Law enforcement officers yesterday morning stormed a number of locations in Yunlin County, including a KTV parlor and several residences in Siluo Township (西螺), where the 15 were arrested, including a man surnamed Huang (黃), who is alleged to be the ringleader of the gang, authorities said.
Central Taiwan Criminal Investigation Bureau officials said the Siluo-based group used firearms and intimidation tactics to collect debts and also extorted money from businesses, destroying property with bats and iron bars if people did not pay protection money.
The businesses targeted for extortion were mostly KTV parlors, nightclubs and electronic gambling dens across Yunlin County, police said.
In one case last year, a business proprietor was beaten and left with severe head injuries and one severed finger after an attack that was allegedly carried out Huang’s gang, police said.

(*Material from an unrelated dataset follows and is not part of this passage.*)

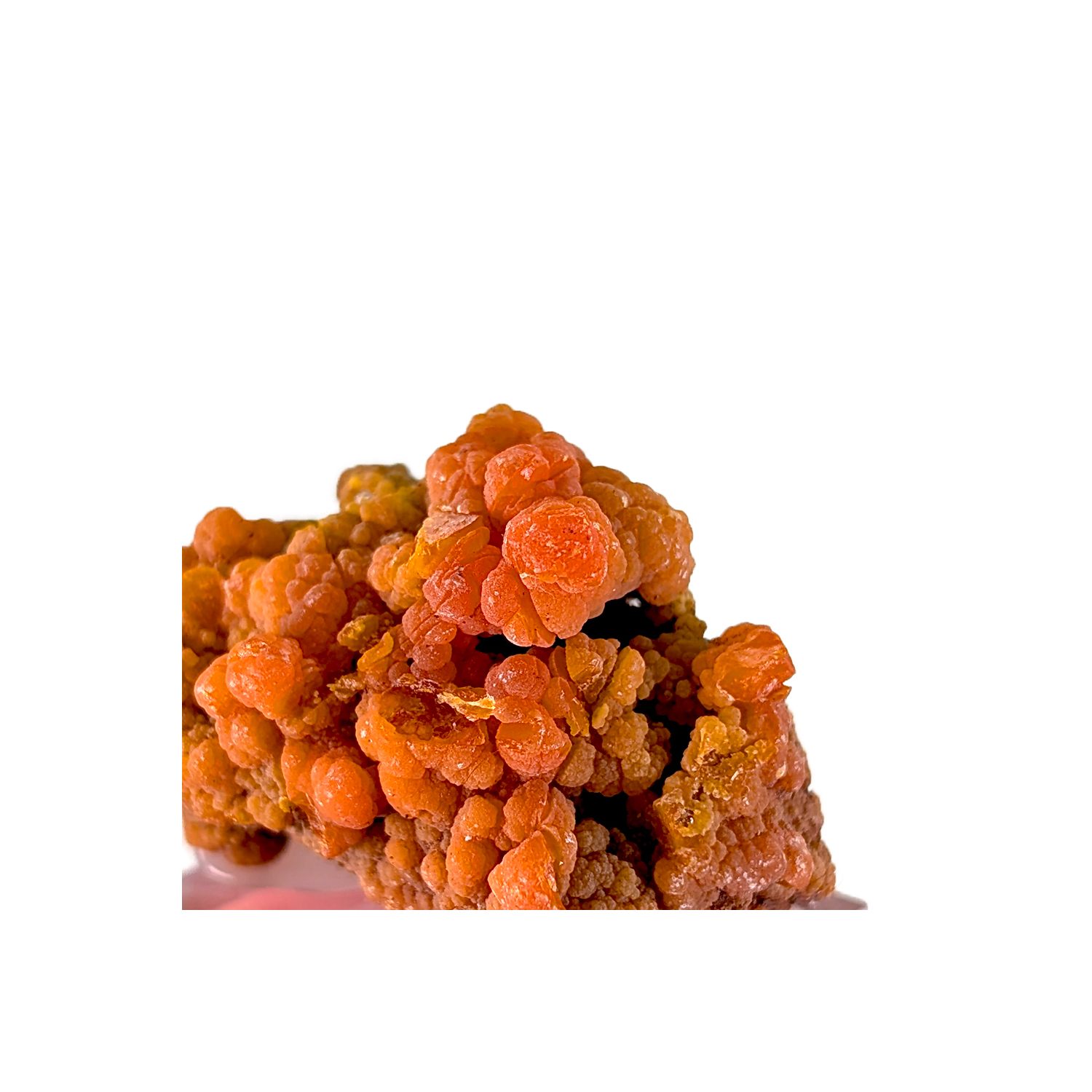 Belle couleur jaune orange pour ce petit échantillon de mimétite, portant les traces d'un second minéral aujourd'hui disparu (baryte ?)

During the raids, officers seized a cache of more than 100 bullets, flak jackets, one US-made Bushmaster XM-15 semi-automatic rifle, and one Walther P99 pistol.
Officers said it was a surprise to find the XM-15 rifle, since it is a powerful weapon that can only be obtained illegally and commands a high price on the black market.
In separate investigations earlier this week, authorities arrested two men at two locations over alleged illegal possession of firearms, police said.
Taichung prosecutors said that police seized two pistols, two semi-automatic rifles, parts of an unfinished AK-47 rifle, and various tools and parts for assembling and modifying firearms, along with 40 bullets.
The two suspects were charged with breaches of the Controlling Guns, Ammunition and Knives Act (槍砲彈藥刀械管制條例), prosecutors said.
Investigators said the two suspects — one of whom lives in Taichung and the other in Yilan County — are friends with a shared interest in military paraphernalia who took part in outdoor survival games and paintballing.
One suspect has a job with a computer technology company, and the other is a university graduate student, police said, adding that from playing mock field battle games, their passion grew into acquiring and modifying their own weapons.
The two suspects said they purchased the AK-47 parts and other weapons online.
They said they had spent several million New Taiwan dollars on online mail orders, including purchasing from US Web sites that provide itemized lists for sale of military weapons and surplus materials.
One of the suspect, surnamed Chen (陳) said he bought the AK-47 in the US and disassembled it to bring into the country in separate luggage and cargo packages.